Carryover (Blue tarp in Vega Alta), 2019. Digital impression / C-print 20 x 30 in. Image courtesy of the artist

Carryover (Blue tarp in Vega Alta), 2019. Digital impression / C-print 20 x 30 in. Image courtesy of the artist

I seek to evoke empathy and compassion for the life on this planet.
— Navild Acosta
I aspire for a community with more empathy and more care.
— Kevin Quiles Bonilla

These commitments, made by artists Navild Acosta and Kevin Quiles Bonilla, are central to the work of U.S. Latinx visual artists whose historiography we could describe as “disability justice art history.” While some make work that reflects the lived experience of people with disabilities, others reflect more generally on the lived experiences of those from their various communities, disabled or not. Ahead of The Latinx Project’s “Demystifying Disability: Creatives and the Making/Musings of Latinx” event, I offer a brief overview of a handful of artists who have been working for decades to recognize the contributions of disabled people across various fields of work. This tiny survey is by no means comprehensive, but represents some of the artists I have come across in working to acknowledge U.S. Latinx artists as contributing to the larger history of American art. I hope you will find their work as inspiring as I have.


Navild Acosta

When artist Elia Alba and I started organizing a biennial of contemporary Latinx art for El Museo del Barrio in 2015, one of the artists she most wanted me to meet was Navild Acosta. We met at a coffee shop to learn about their work, and later I took my mother to see their incredible, genre-shifting work “Discotropic” at PS 122 in 2018. This work explored the relationship between science fiction, Afrofuturism, disco, astrophysics and the Black experience. It was a celebration of bodies and movement, underscored through sound, light and flow; a unique experience in which audience members didn’t sit, but rather moved around according to where the action was taking place. 

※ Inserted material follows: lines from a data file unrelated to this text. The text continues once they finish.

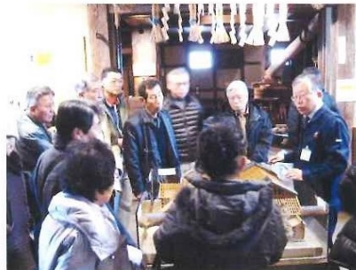
灘の酒蔵めぐり 平成24年 2月19日(日) 本山ふれあいのまちづくり 協議会交流事業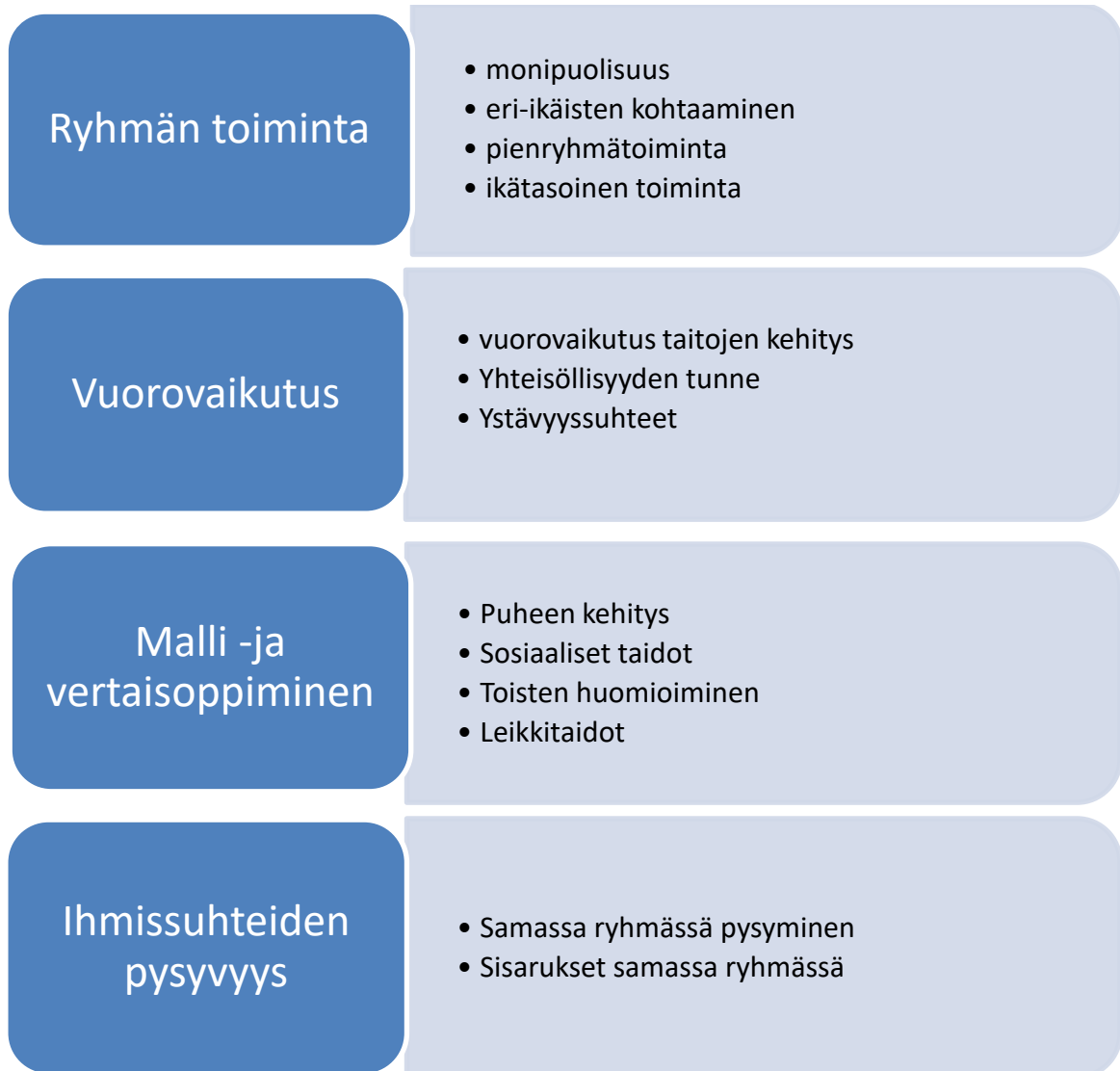
Kuva 2. Aineiston teemat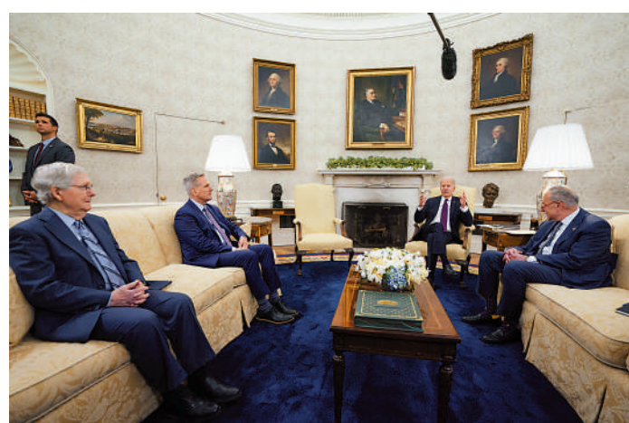
▲拜登9日與國會兩黨領導人討論債務問題，未有進展。

受美國債務上限危機影響，外界曾猜測拜登未必前往日本出席G7峰會。但白宮14日表示，拜登18日會啟程赴日，至下周日(21日)才會返美。白宮還表示，拜登19日將與日本首相岸田文雄會晤。韓國總統同日透露，總統尹錫悅以受邀身份參加G7峰會期間，將與拜登及岸田舉行韓美日首腦會談，時間可能定於21日。拜登16日將與眾議院議長麥卡錫等4名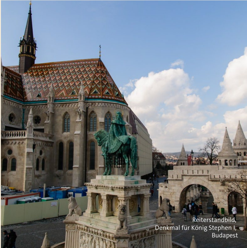
Reiterstandbild, Denkmal für König Stephen I, Budapest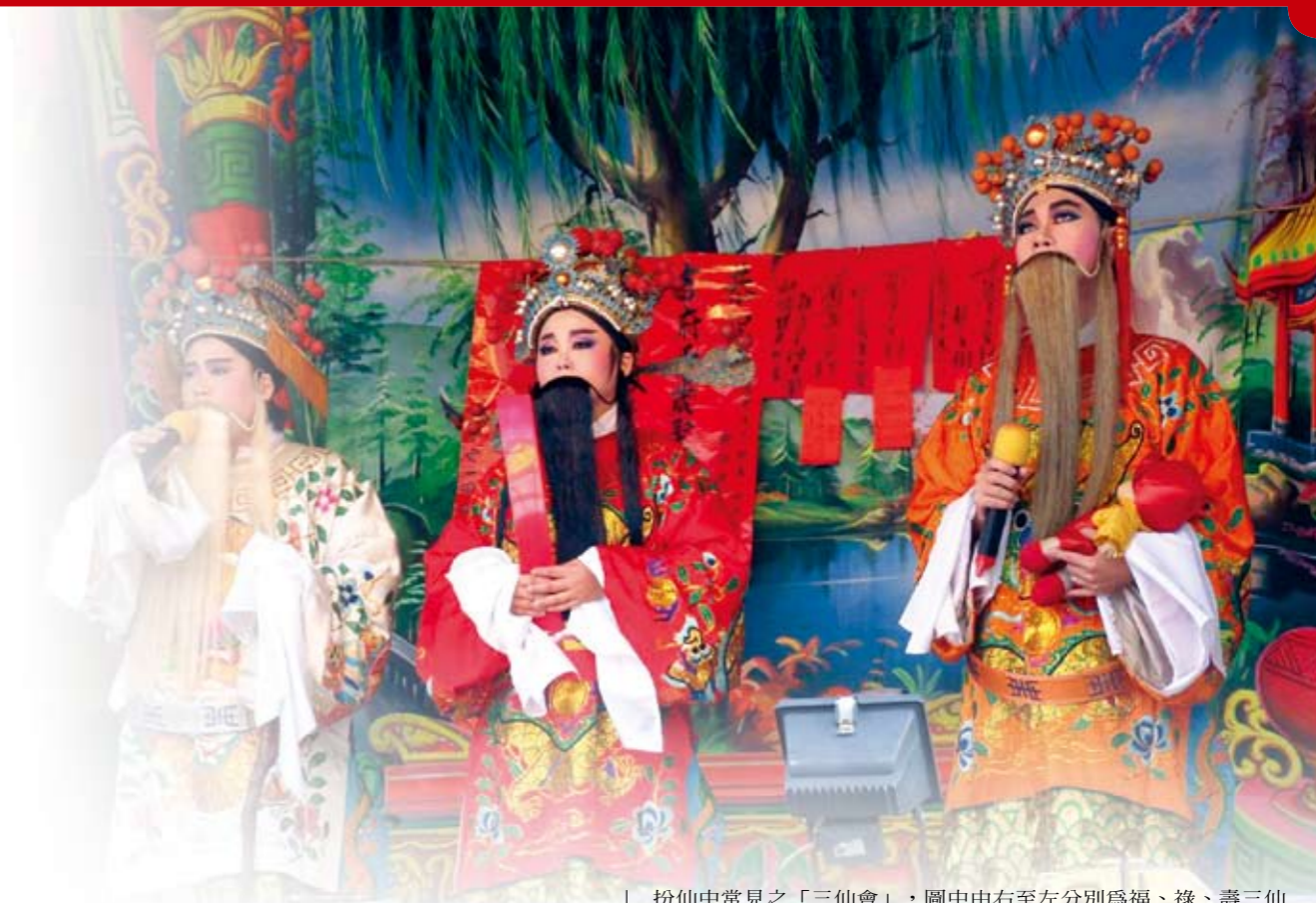
扮仙中常見之「三仙會」，圖中由右至左分別為福、祿、壽三仙演出：台中小金枝歌劇團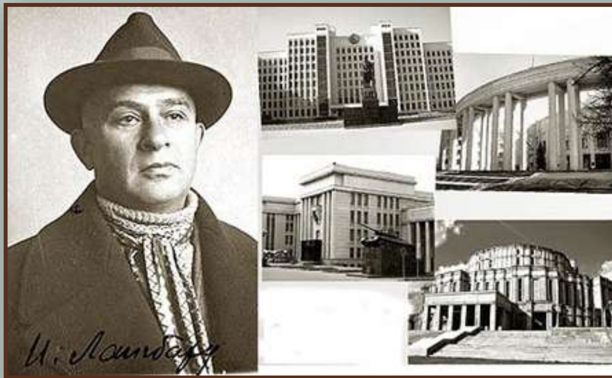
И.Лангбард и его архитектурные творения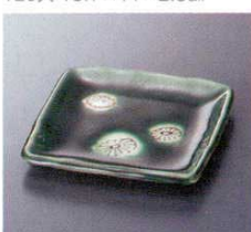
セ-19426 620729 280円 織部菊銘々皿 120入 12.1×12.1×1.5cm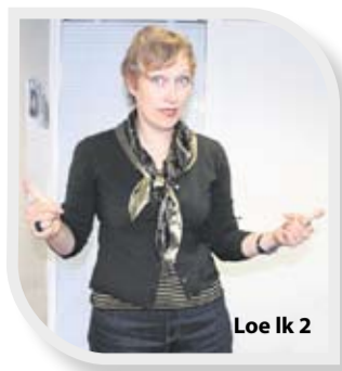
Loe lk 2

“Oma suurusega mõjutame me mitte ainult numbreid aruannetes, vaid sadade ja tuhandete töönimeste igapäevaelu ja tulevikuplaane.”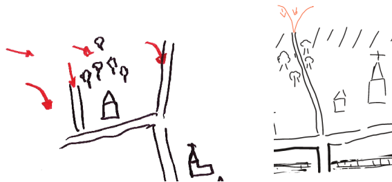
FIGURE 2. Différentes formes observables sur des esquisses

Quand le traitement d'image est fini, l'utilisateur doit visualiser les différentes esquisses pour vérifier et étiqueter les formes reconnues. Une première esquisse est affichée (voir figure 1 à gauche). Quand le curseur survole un élé-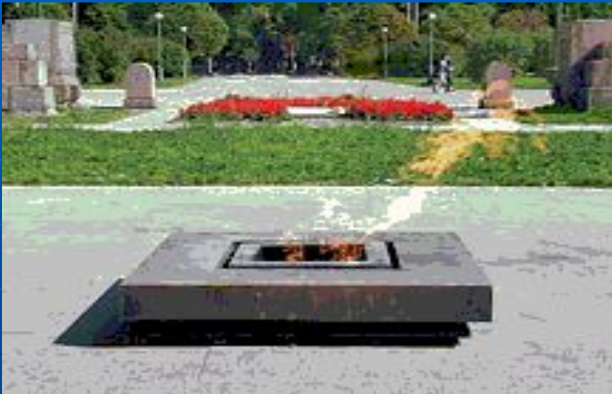
Вечный огонь на Марсовом поле. Санкт – Петербург.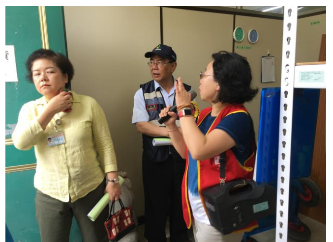
說明：由陽明山國小校長進行環境介紹。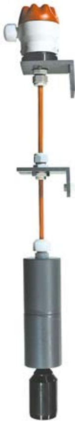
MAXIMAT LW- VK- K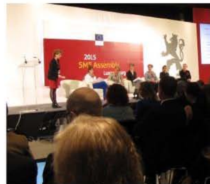
Zenske v svetu podjetništva

Zato je Evropska komisija oktobra letos že predstavila novo strategijo, ki naj bi okrepila in poglobila skupni evropski trg. To naj bi prineslo koristi v vsakodnevnem življenju ljudi in podjetij.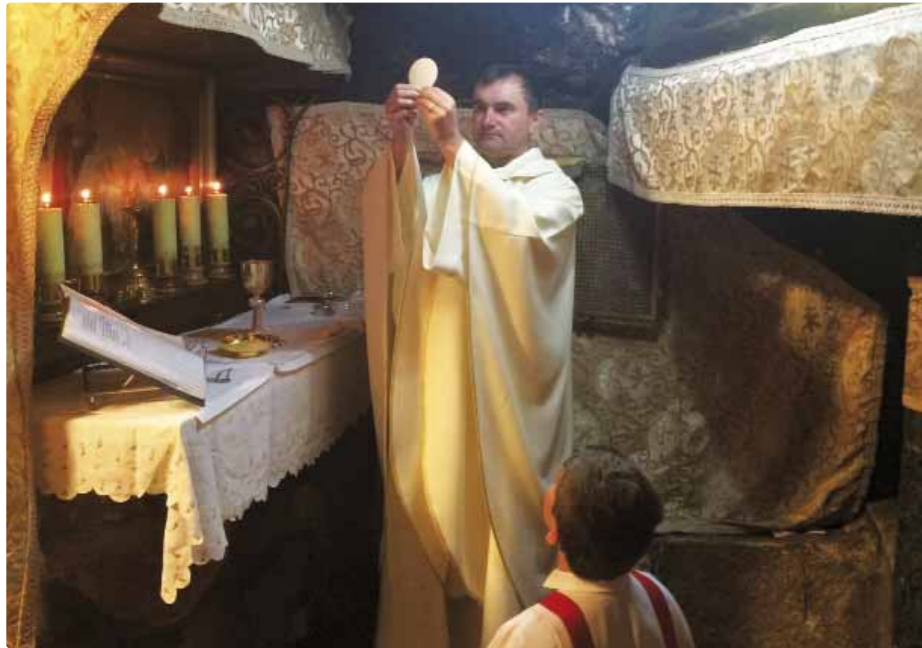
Slávenie Sv. omše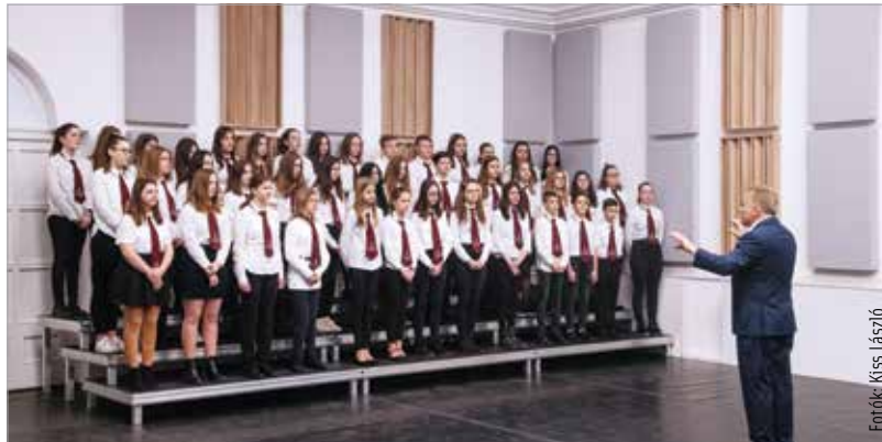
Közel ötszáz diák vett részt a hangversenyen

sokat, a neves szakemberekből álló zsűri csupán értékelte a fellépőket. Az Éneklő ifjúság az egyik legnagyobb hagyományú zenei rendezvény Magyarországon: a Magyar Kórusok, Zenekarok és Népzenei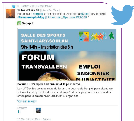
Twitter en 2015

Pôle emploi est présent sur ce réseau social incontournable, sur lequel nous adressons principalement à tous les acteurs de l'emploi et de la formation, les médias, les entreprises... Ceci va nous permettre d'annoncer et de suivre les différents événements et actions de cette Semaine de l'emploi, et ceux qui le souhaitent pourront recommander l'évènement.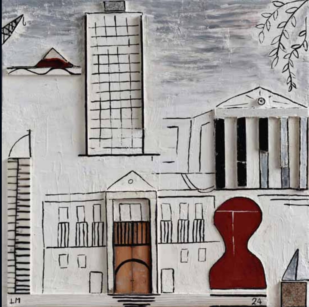
De visita Laura Méndez Fresco sobre placa cementicia con relieves de piedra y madera - 120 x 120 cm - 2024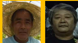
安富 慧 (洋ラン) 平藤普通 (繁殖牛)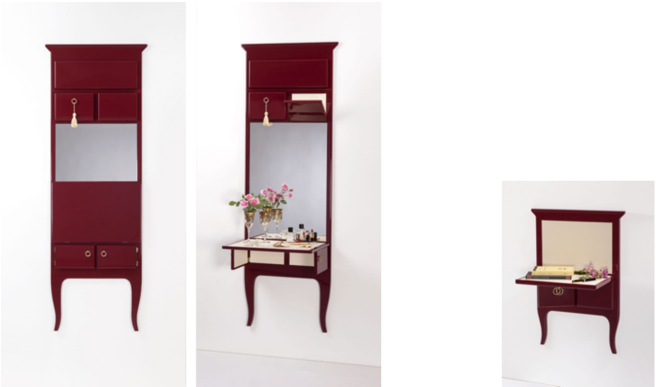
False Credenze - design HABITS Studio, 2015

La nuova versione di False Credenze nelle varianti scrittoio , comodini e consolle sempre flat e sospese a parete, assolve alla necessità di ottimizzare lo spazio qualunque sia l'ambiente della casa o angolo della stanza in cui è inserita. Ripiani e mensole soddisfano esigenze estetiche e funzionali, offrendo spazio aggiuntivo quando necessario.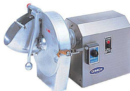
4 野菜調理機 OMV-300D

特殊減速機構の採用により、静粛で耐久性に優れ、衛生面にも配慮。 社員食堂や病院、給食センター、ホテル、レストランなどにおすすめ！

Navild Acosta, “DISCOTROPIC 3rd I SIDE.” Photo: Tanz im August

Navild Acosta, “DISCOTROPIC 3rd I SIDE.” Photo: Tanz im August

Seeing the experience of the immigrant as one filled with universal meanings and implications, Navild began sharing these thoughts through their multidisciplinary stories. Focusing on research released by the CDC about the “sleep-gap” between white and Black people in the United States, Navild worked with Fannie Sosa to create the Black Power Naps/Siestas Negras project, one also steeped in Navild’s belief that the body is a site for deep transformation, a path for “transcending our colonial inheritance,” and white supremacy. A healing project, Black Power Naps offers beautiful beds for Black bodies to rest and regain the strength to face the inherited trauma that is a part of Black life in this country.

Hector Machado

I met Hector Machado when I was organizing a meeting focusing on US Latinx artists in Miami. Hector is a survivor and an artist, born and raised in Miami. He earned a BA in Theater from Florida A&M University, and went on to complete an MFA in Theater with a specialization in Production Stage Management from California Institute of the Arts. The multifaceted artist is an inaugural fellow of the Maven Leadership Collective, an institute for queer and trans people of color and their allies. Hector has worked as a production manager and a stage manager for a number of projects in both theater and dance, including Marissa Chibas’s Siete Cuentos at Plaza de la Raza, Bob Cucuzza’s Cattywampus at Roy and Edna Disney CalArts Theater (REDCAT); and Cucuzza’s Mother Tongue at Son of Semele Ensemble.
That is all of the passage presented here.